SUPPLIED INFORMATION>
+-------+
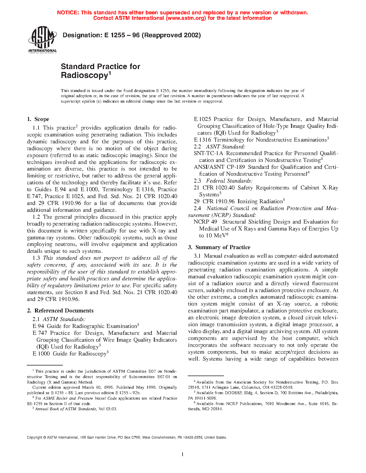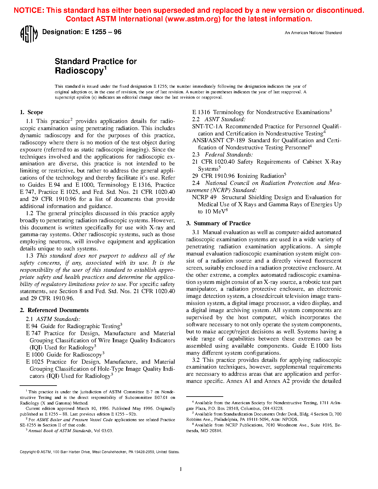 1.2 This practice establishes the minimum requirements for radioscopic examination of metallic and non-metallic materials using X-ray or gamma radiation. Since the techniques involved and the applications for radioscopic examination are diverse, this practice is not intended to be limiting or restrictive, but rather to address the general applications of the technology and thereby facilitate its use. Refer to Guides E94 and E1000, and Terminology E1316, provide additional information and guidance.
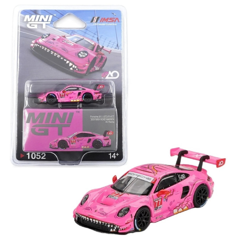 Porsche 911 992 GT3 R N°77 AO Racing Road América de 2024 en Blister Edition de la marque MINI GT à l'échelle 1/64
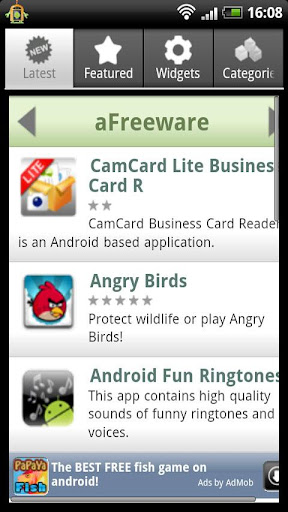 aFreeware is compatible with most of the Android devices, once installed it lets you browse, download and install FREE applications directly on your phone. It pulls content from http://www.androidfreeware.net, and shows Latest Apps, Featured Apps, Widgets and Categories are listed for browsing more apps.
+-------+
Make an exact printout of the listing above, omitting the images.

SOLVED PROBLEM>
 1.2 This practice establishes the minimum requirements for radioscopic examination of metallic and non-metallic materials using X-ray or gamma radiation. Since the techniques involved and the applications for radioscopic examination are diverse, this practice is not intended to be limiting or restrictive, but rather to address the general applications of the technology and thereby facilitate its use. Refer to Guides E94 and E1000, and Terminology E1316, provide additional information and guidance.
 Porsche 911 992 GT3 R N°77 AO Racing Road América de 2024 en Blister Edition de la marque MINI GT à l'échelle 1/64
 aFreeware is compatible with most of the Android devices, once installed it lets you browse, download and install FREE applications directly on your phone. It pulls content from http://www.androidfreeware.net, and shows Latest Apps, Featured Apps, Widgets and Categories are listed for browsing more apps.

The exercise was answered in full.